[[ Data records, beginning ]]

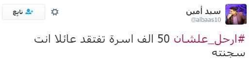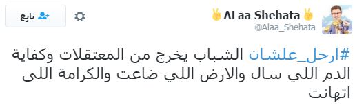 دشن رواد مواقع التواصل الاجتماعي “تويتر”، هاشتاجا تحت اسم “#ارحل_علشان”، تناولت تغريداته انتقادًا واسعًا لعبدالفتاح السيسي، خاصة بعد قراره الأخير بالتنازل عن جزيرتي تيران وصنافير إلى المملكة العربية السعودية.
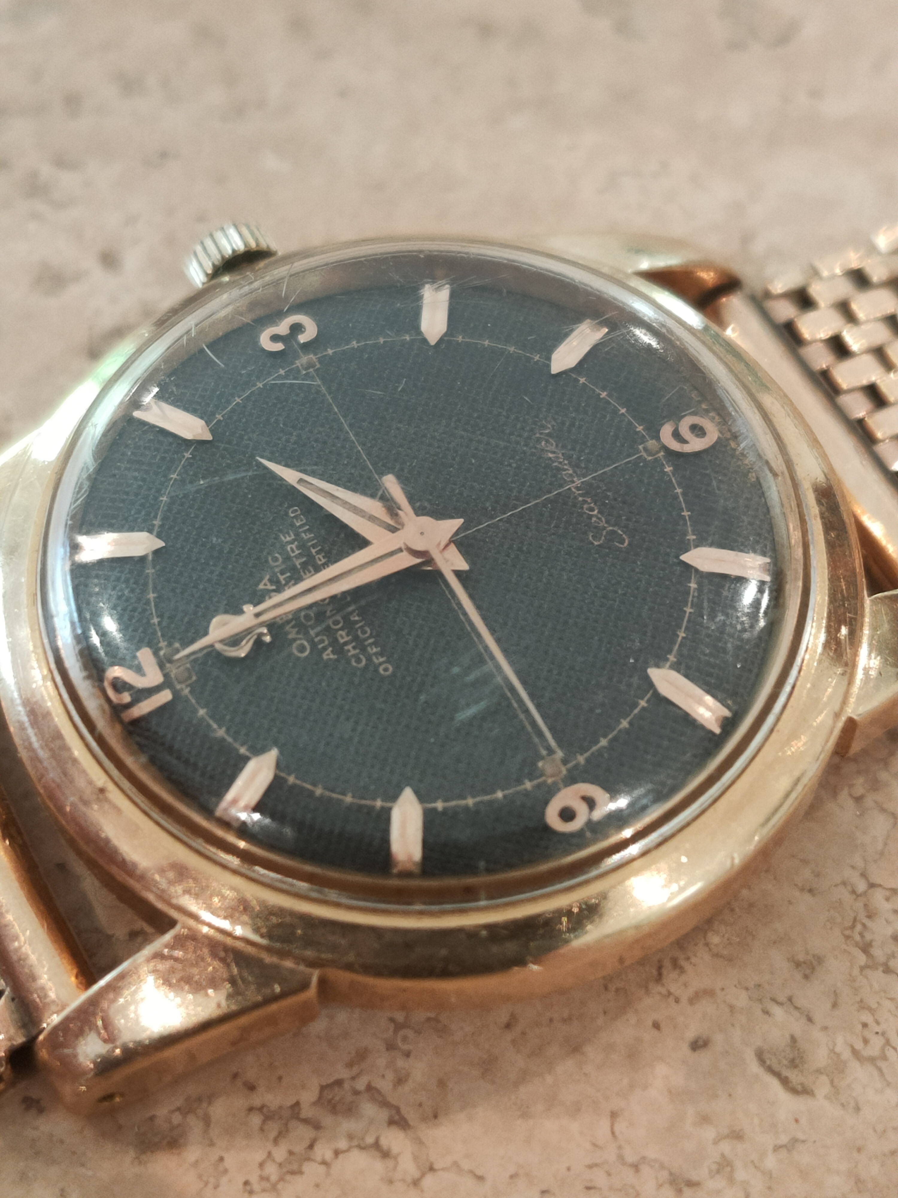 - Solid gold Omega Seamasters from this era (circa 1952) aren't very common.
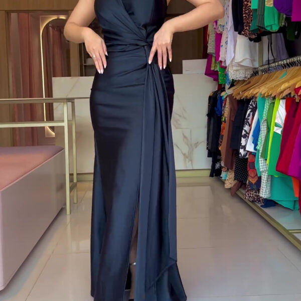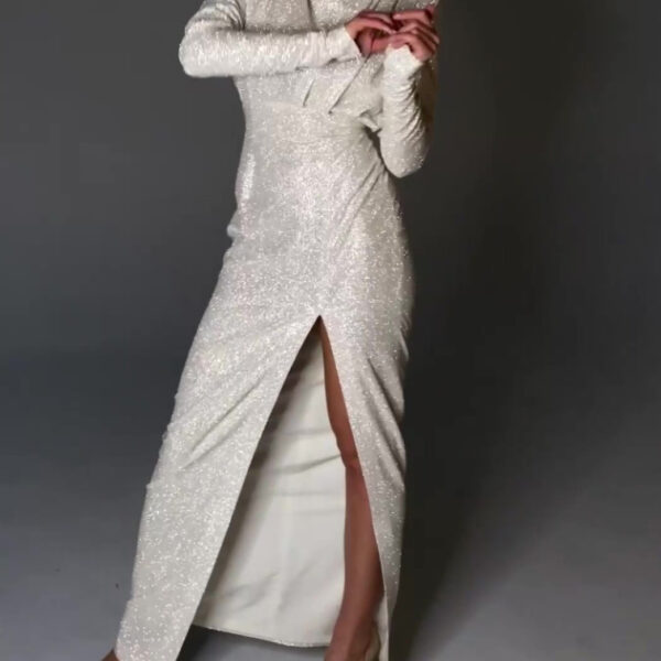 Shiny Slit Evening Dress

[[ Data records, end ]]
[[ Data records, beginning ]]

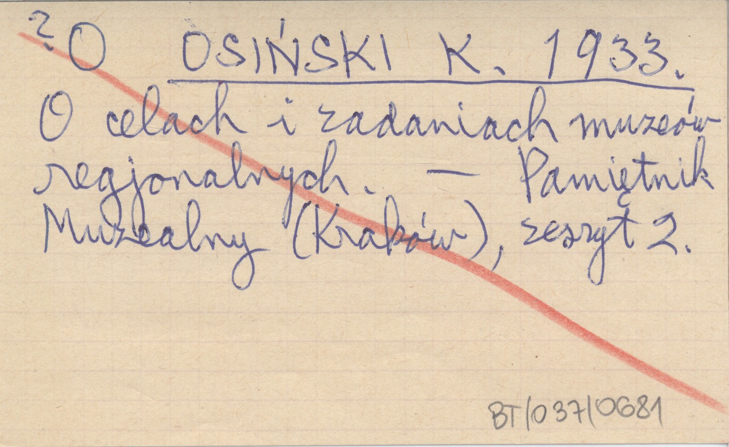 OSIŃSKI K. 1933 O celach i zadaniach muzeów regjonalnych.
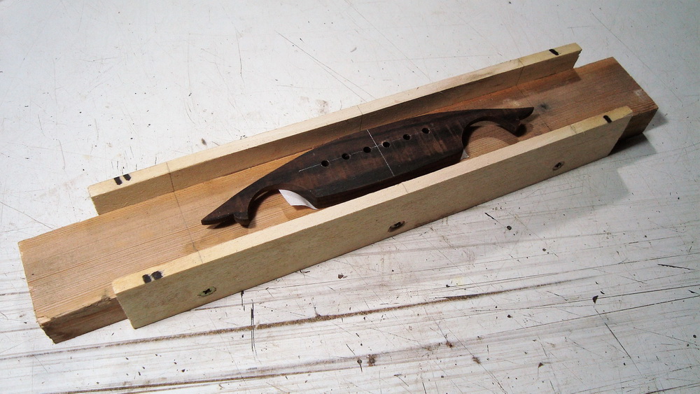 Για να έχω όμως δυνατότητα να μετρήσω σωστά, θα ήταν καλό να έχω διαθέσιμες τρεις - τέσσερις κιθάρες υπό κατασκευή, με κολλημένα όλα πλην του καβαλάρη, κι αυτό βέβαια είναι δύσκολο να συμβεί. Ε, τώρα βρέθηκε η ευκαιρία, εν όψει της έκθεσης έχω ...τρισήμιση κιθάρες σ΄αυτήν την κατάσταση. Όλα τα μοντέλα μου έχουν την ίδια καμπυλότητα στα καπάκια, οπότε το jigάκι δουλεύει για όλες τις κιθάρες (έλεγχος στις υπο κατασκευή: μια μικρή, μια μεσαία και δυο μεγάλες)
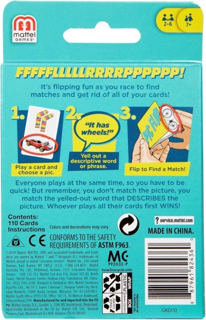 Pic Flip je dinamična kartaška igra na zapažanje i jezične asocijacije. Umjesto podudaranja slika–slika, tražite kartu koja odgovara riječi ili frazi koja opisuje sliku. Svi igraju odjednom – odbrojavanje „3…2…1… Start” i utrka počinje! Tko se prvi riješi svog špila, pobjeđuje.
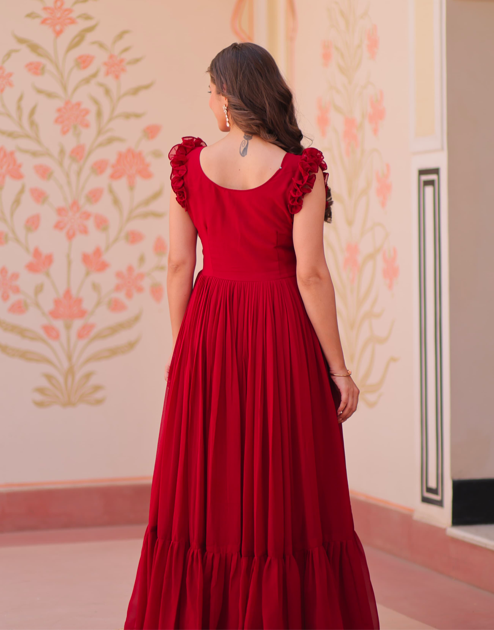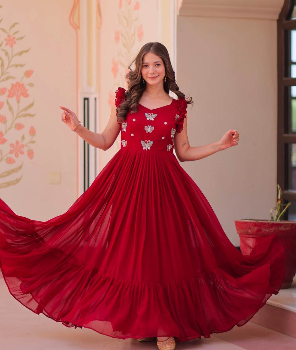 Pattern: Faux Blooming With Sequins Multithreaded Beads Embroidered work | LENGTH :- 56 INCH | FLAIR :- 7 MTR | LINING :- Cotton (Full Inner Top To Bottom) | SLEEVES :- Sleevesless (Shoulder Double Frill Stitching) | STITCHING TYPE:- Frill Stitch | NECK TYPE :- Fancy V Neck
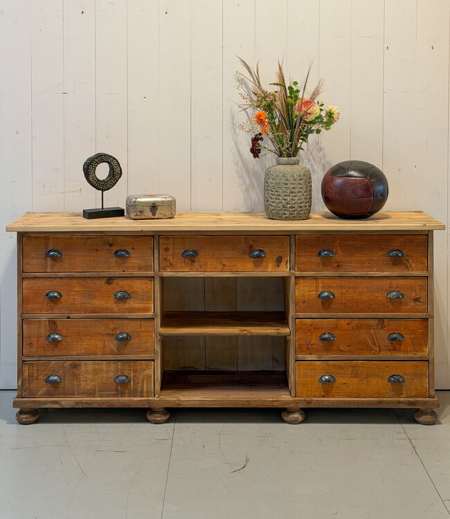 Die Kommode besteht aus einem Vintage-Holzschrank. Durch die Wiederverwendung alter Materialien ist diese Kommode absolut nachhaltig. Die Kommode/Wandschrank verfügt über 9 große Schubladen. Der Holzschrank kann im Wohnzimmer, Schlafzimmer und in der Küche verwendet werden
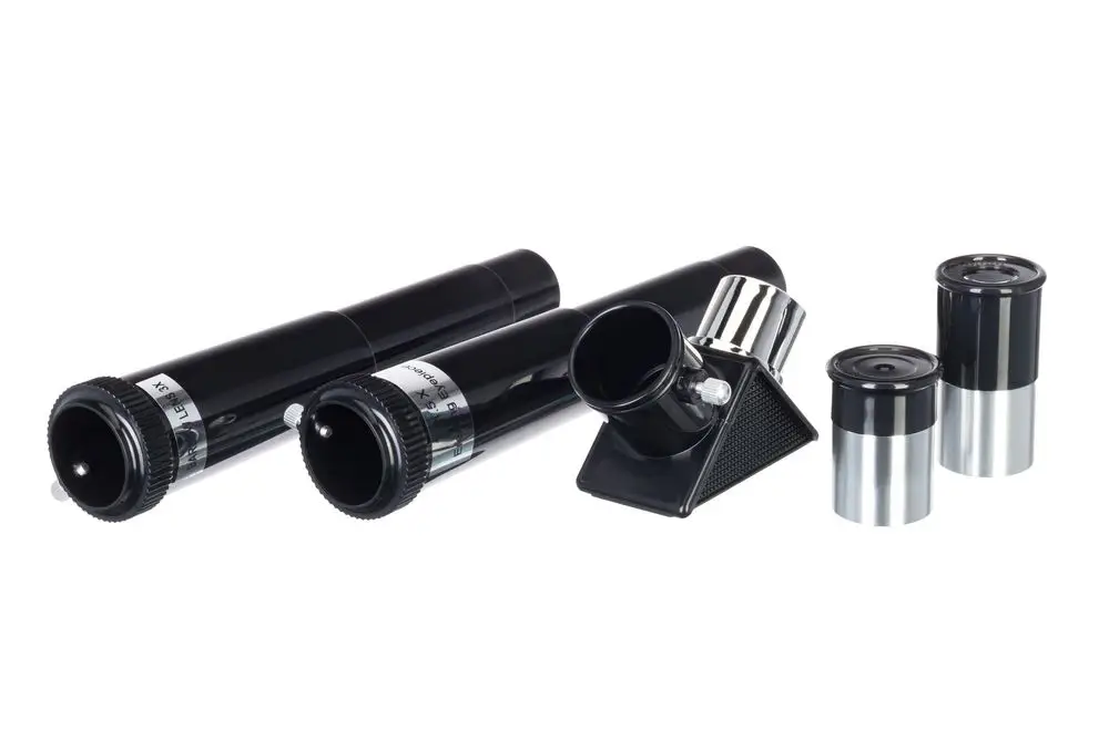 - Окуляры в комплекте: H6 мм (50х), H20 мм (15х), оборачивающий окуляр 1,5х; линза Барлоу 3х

[[ Data records, end ]]

▶ _Your assignment_:
While skipping the pictures, transcribe the data above from the line showing "Pic Flip je" through the line showing "- Окуляры в", exactly and with both ends.

▶ _Exercise output_:
 Pic Flip je dinamična kartaška igra na zapažanje i jezične asocijacije. Umjesto podudaranja slika–slika, tražite kartu koja odgovara riječi ili frazi koja opisuje sliku. Svi igraju odjednom – odbrojavanje „3…2…1… Start” i utrka počinje! Tko se prvi riješi svog špila, pobjeđuje.
 Pattern: Faux Blooming With Sequins Multithreaded Beads Embroidered work | LENGTH :- 56 INCH | FLAIR :- 7 MTR | LINING :- Cotton (Full Inner Top To Bottom) | SLEEVES :- Sleevesless (Shoulder Double Frill Stitching) | STITCHING TYPE:- Frill Stitch | NECK TYPE :- Fancy V Neck
 Die Kommode besteht aus einem Vintage-Holzschrank. Durch die Wiederverwendung alter Materialien ist diese Kommode absolut nachhaltig. Die Kommode/Wandschrank verfügt über 9 große Schubladen. Der Holzschrank kann im Wohnzimmer, Schlafzimmer und in der Küche verwendet werden
 - Окуляры в комплекте: H6 мм (50х), H20 мм (15х), оборачивающий окуляр 1,5х; линза Барлоу 3х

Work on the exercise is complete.